Registrant’s telephone number, including area code: (770) 248-9600
 
N/A
(Former Name or Former Address, if Changed Since Last Report)
 


 
Item 4.    Changes in Registrant’s Certifying Accountant.
 
(a)  Dismissal of previous accountants
 
On July 18, 2002, InterCept, Inc. dismissed Arthur Andersen, LLP as its independent public accountants. InterCept’s Board of Directors approved the decision to dismiss Andersen, upon recommendation of the Audit Committee.
 
Andersen’s reports on InterCept’s consolidated financial statements for each of the past two fiscal years did not contain an adverse opinion or disclaimer of opinion, nor were such reports qualified or modified as to uncertainty, audit scope, or accounting principles.
 
During each of our two most recent fiscal years and through the date of this report, there were: (i) no disagreements with Arthur Andersen on any matter of accounting principle or practice, financial statement disclosure, or auditing scope or procedure which, if not resolved to Andersen’s satisfaction, would have caused them to make reference to the subject matter in connection with their reports on our consolidated financial statements for those years; and (ii) there were no reportable events as defined in Item 304(a)(1)(v) of Regulation S-K.
 
We have provided Andersen with a copy of this disclosure and requested that they furnish a letter addressed to the Securities and Exchange Commission stating whether they agree with the above statements.
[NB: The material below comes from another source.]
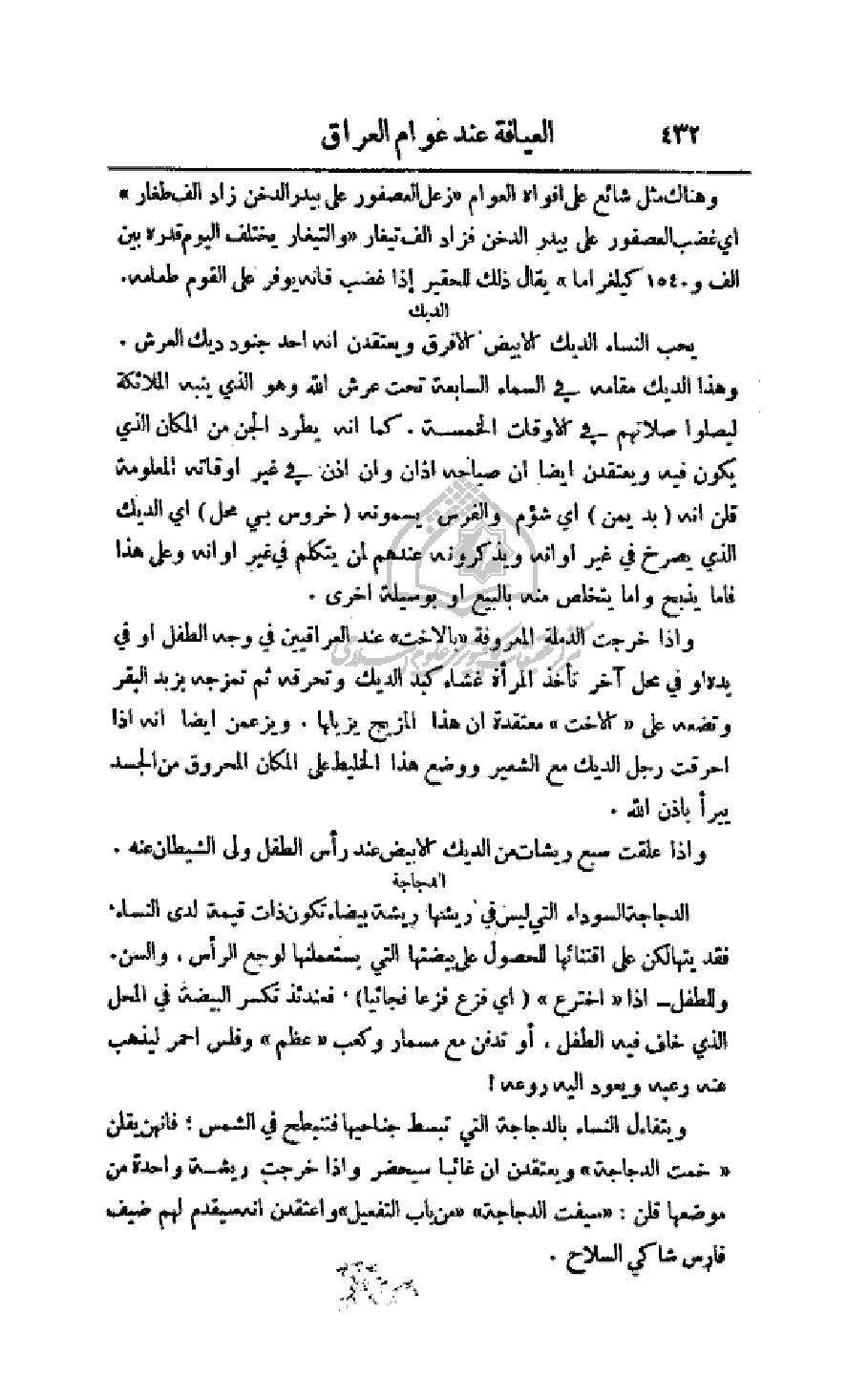 يحب النساء الديك الأبيض الأفرق ويعتقدون أنه أحد جنود ديك العرش. وهذا الديك مقامه في السماء السابعة تحت عرش الله وهو الذي ينبه الملائكة ليصلوا صلاتهم في الأوقات الخمسة. كما أنه يطرد الجن من المكان الذي يكون فيه ويعتقدن أيضاً أن صياحه آذان وإن في غير أوقاته المعلومة قلن أنه (بد يمن) أي شؤم والفرس يسمونه (خروس بي محل) أي الديك الذي يصرخ في غير أوانه ويذكرونه عندهم لمن يتكلم في غير أوانه وعلى هذا فأما يذبح وأما يتخلص منه بالبيع أو بوسيلة أخرى.
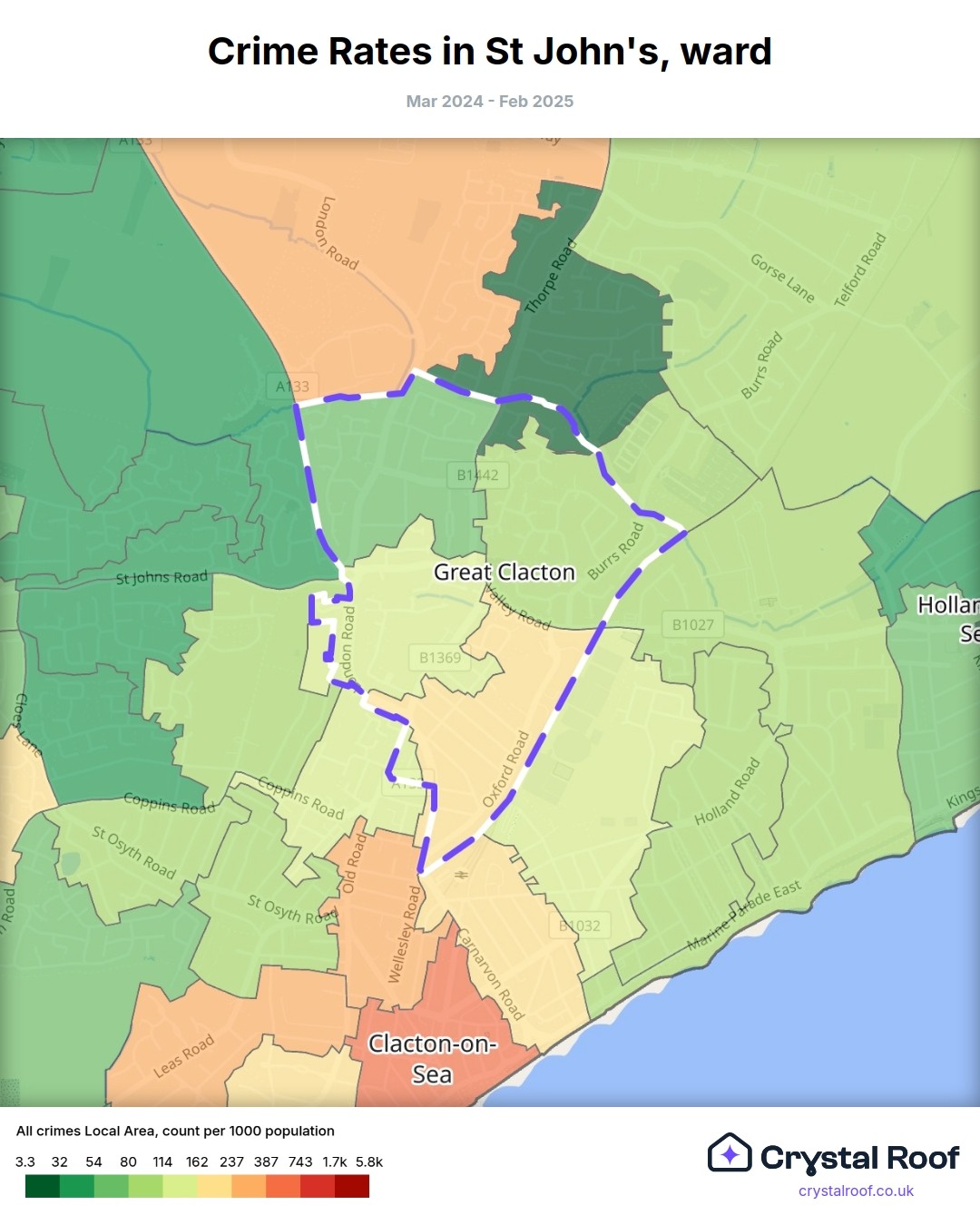 St John's, (ward) includes areas with the following crime ratings (see map):

A representative from Andersen advised InterCept that Andersen is no longer in a position to provide letters relating to its termination as a former audit client’s independent public accountant and that Andersen’s inability to provide such letters has been discussed with the Staff at the SEC.
 
(b)  Engagement of new independent accountants
 
As of July 18, 2002, InterCept has engaged Deloitte & Touche LLP (“Deloitte & Touche”) to serve as its new independent accountants for the current fiscal year, which ends on December 31, 2002. During each of our two most recent fiscal years and through the date of this report, InterCept did not engage Deloitte & Touche with respect to the application of accounting principles to a specified transaction, either completed or proposed, or the type of audit opinion that might be rendered on our consolidated financial statements, or any other matters or reportable events as set forth in Items 304(a)(2)(i) and (ii) of Regulation S-K.
 
Item 7.    Financial Statements, Pro Forma Financial Information and Exhibits.
 
(c)  The following information is filed as an exhibit to the Current Report on Form 8-K:
 
Exhibit
No.

  
Description

99.1
  
Press Release dated July 18, 2002 announcing the change in independent auditors.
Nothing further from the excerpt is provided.